Anharmonic electron-phonon coupling in ultrasoft and locally disordered perovskites

TL;DR

This paper develops a first-principles approach to account for anharmonicity and local disorder in electron-phonon coupling in perovskites, revealing their impact on vibrational dynamics and band gap behavior near phase transitions.

Contribution

It introduces a unified method using the special displacement approach to incorporate anharmonicity and disorder in electron-phonon interactions in perovskites, advancing theoretical understanding.

Findings

Polymorphism significantly alters vibrational dynamics in halide perovskites.

Band gap changes are driven by vibrational effects near phase transitions.

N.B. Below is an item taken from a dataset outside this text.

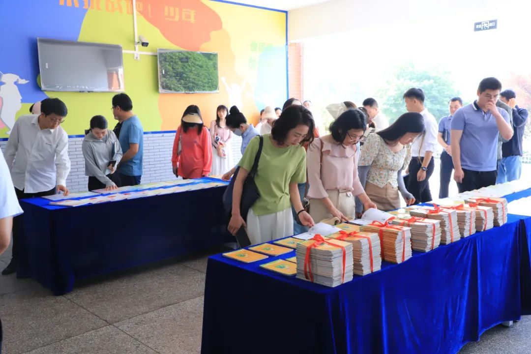 第一站来到双泉小学,在解说员的带领下,参观人员从“唱响童年”“跃动童年”“诗韵童年”“童赴未来”四个方面了解了学校的特色,以及学校在培养学生艺术、运动、孝德方面的特色和未来的发展规划。该校始建于1958年,历经60余载。2023年,由上海新理益集团有限公司捐建、政府配套投资1个亿,对双泉小学进行改扩建。扩建后的双泉学校,设计规模为54个教学班(小学部36个,初中部18个),可提供2700个学位。扩建项目除教学、办公用房外,还设有学术报告厅、阅览中心、艺术中心、电教中心、创客中心、心理咨询中心等培养学生个性发展的功能场馆。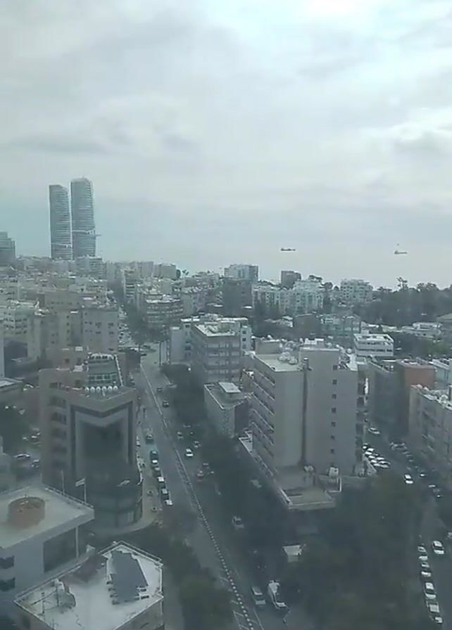 high-angle, daytime view of an urban landscape. The sky is overcast and gray, with a flat, even cloud cover. Below, a dense collection of buildings, mostly gray and white in color, stretches toward the horizon. A main road bisects the foreground, with vehicles moving along it and parked on the sides. In the distance, the sea is visible, with several ships or boats dotting the horizon. On the left side of the frame, two tall, modern skyscrapers rise above the other buildings. The overall impression is of a densely populated city under a cloudy sky.

Accurate band gap predictions require considering disorder, spin-orbit coupling, and electron-phonon interactions.

Abstract

Anharmonicity and local disorder (polymorphism) are ubiquitous in perovskite physics, inducing various phenomena observed in scattering and spectroscopy experiments. Several of these phenomena still lack interpretation from first-principles since, hitherto, no approach is available to account for anharmonicity and disorder in electron-phonon couplings. Here, relying on the special displacement method, we develop a unified treatment of both and demonstrate that electron-phonon coupling is strongly influenced when we employ polymorphous perovskite networks. We uncover that polymorphism in halide perovskites leads to vibrational dynamics far from the ideal noninteracting phonon picture and drives the gradual change in their band gap around phase transition temperatures. We also clarify that combined band gap corrections arising from disorder, spin-orbit coupling, exchange-correlation functionals of high accuracy, and electron-phonon coupling are all essential. Our findings agree with experiments, suggesting that polymorphism is the key to address pending questions on perovskites' technological applications.